# Cheat Sheet - Prometheus

## USE Method in Prometheus

### CPU Utilisation

1 - avg(rate(node_cpu{job="default/node-exporter",mode="idle"}[1m]))
1 - avg(rate(node_cpu_seconds_total{mode="idle"}[1m]))


### CPU Saturation

sum(node_load1{job="default/node-exporter"})
/
sum(node:node_num_cpu:sum)


With the following recording rule:

    - expr: |-
count by (instance) (sum by (instance, cpu) (
node_cpu_seconds_total{job="node-exporter"}
))
record: node:node_num_cpu:sum


### Memory Utilisation

1 - sum(
node_memory_MemFree_bytes{job="…"} +
node_memory_Cached_bytes{job="…"} +
node_memory_Buffers_bytes{job="…"}
)
/
sum(node_memory_MemTotal_bytes{job="…"})


### Memory Saturation

1e3 = 1000 (it is sometimes used to convert from milliseconds to seconds).

1e3 * sum(
rate(node_vmstat_pgpgin{job="…"}[1m]) +
rate(node_vmstat_pgpgout{job="…"}[1m]))
)


## RED Method in Prometheus

### Rate (QPS)

sum(rate(request_duration_seconds_count{job="…"}[1m]))


### Errors

sum(rate(request_duration_seconds_count{job="…", status_code!~"2.."}[1m]))


### Duration (Latency)

histogram_quantile(0.99, sum(rate(request_duration_seconds_bucket{job="…"}[1m])) by (le))


# Four Golden Signals

• Latency - time taken to service a request
• Traffic - how much demand is placed on your system
• Errors - rate or requests are failing

# Misc.

• Instant Query = queries only the last datapoint best displayed in table panel

## Grouping

count(device_boot_time* on (instance) group_left(region, firmware)  device_info{region="$region", firmware=~"$firmware"})

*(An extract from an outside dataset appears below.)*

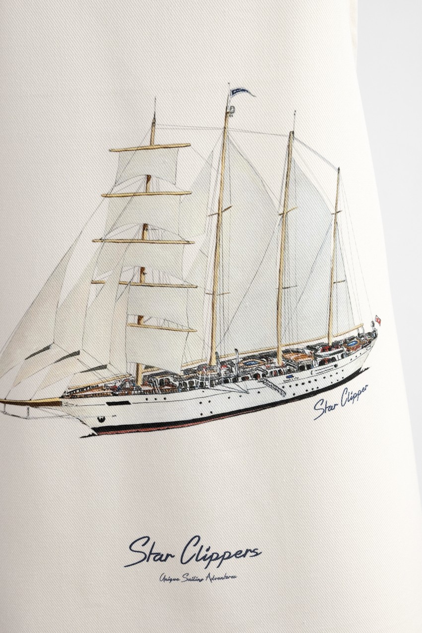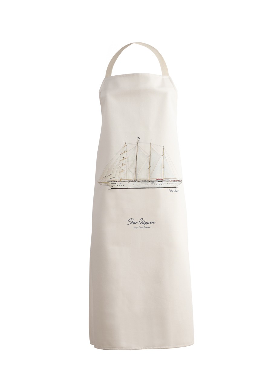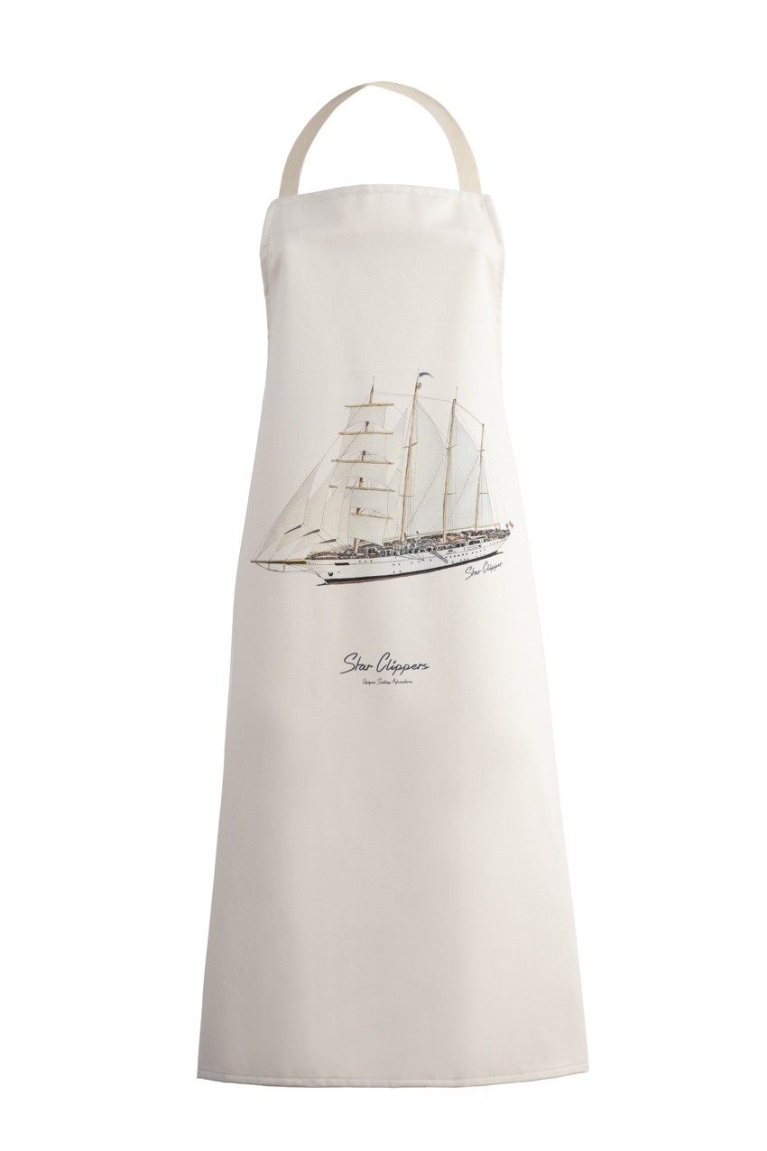Tablier de cuisine en coton, disponible avec les visuels de nos voiliers Star Clipper, Royal Clipper ou Star Flyer. Taille unique.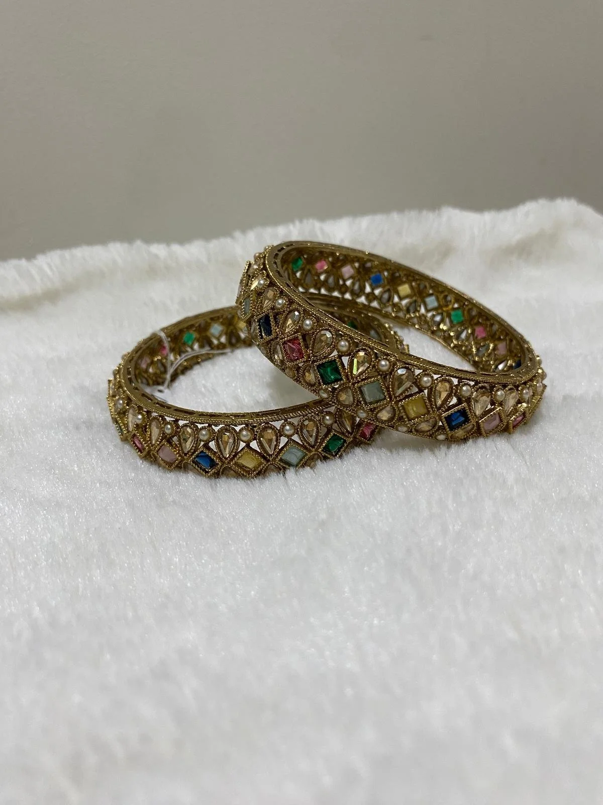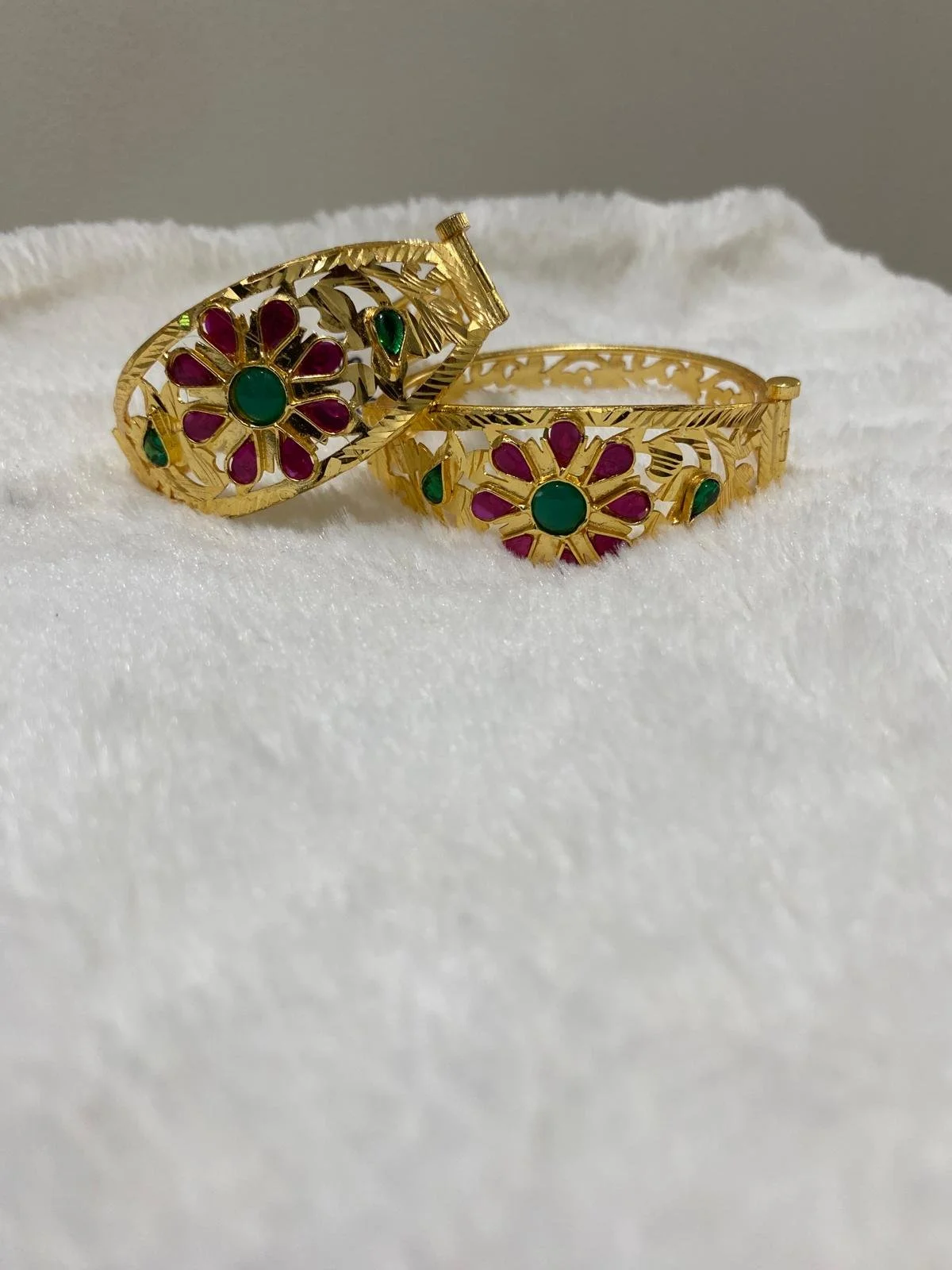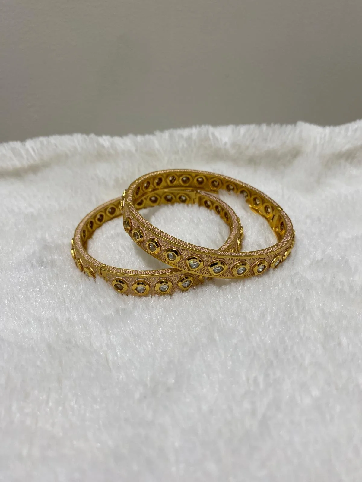Rose Gold Multi Bangles $30.00 Polki Jumki Bangles $40.00 Multi Gold Plated Bangles $45.00 Rose Gold Flower Design Bangles $30.00 Gold Plated Bell Bangles $30.00 Polki Multi Bangles $45.00 Polki Openable Bangles $40.00 Pink Meenakari Kundan Bangles $50.00 Gold Plated Bangles $50.00 Jadau Kada $45.00 Matte bangles with meenakari $15.00

Here, device_info is the dummy gauge, always just set to one. You can see that we are selecting this gauge based on the Grafana template values.

These two labels are used to group_left join on other metrics, for which we want (on) the instance. The metric is device_boot_time but in this case the value is not relevant for the metric, as all we are doing using count to count all devices that have a boot time greater than 0 (which is all devices).

This gives a count of all of the devices in the region that match the region and firmware.

In order to get the All option to work for firmware, a few things are needed:

• Select All in the dashboard’s variable settings
• Set a custom value for the option of .*
• Use the pattern match operator in the info-block selector of =~

## Get top 10 longest running services:

topk(5, time() - device_boot_time* on (instance) group_left(region, firmware)  device_info{region="$region", firmware=~"$firmware"})


## Crashing Devices

topk(10, changes(device_boot_time[1h])


The changes function looks for sudden jumps to the value of a gauge. This can be used to track the number of times a device reboots in an hour. For this demo, our simulated devices reboot 8 times per hour on average. If you use the dashboard selectors to choose Massachusetts as the region, you will see that one device is crashing much more frequently, and the dashboard uses conditional formatting to show this as red.

    alerts:
groups:
rules:
expr: (time() - (lid_open_start_time *  lid_open_status)) > 900 and (time() - (lid_open_start_time *  lid_open_status)) < 9000
for: 30s
labels:
severity: page
system: mechanical
annotations:
summary: "Lid open on {{ $labels.instance }}" description: "Lid has remained open for more than 15 minutes on {{$labels.instance }}"
expr: changes(device_boot_time[1h]) > 20
for: 2m
labels:
severity: debug
system: software
annotations:
summary: "{{ $labels.instance }} rebooting" description: "{{$labels.instance }} has been rebooting more than 20 times an hour"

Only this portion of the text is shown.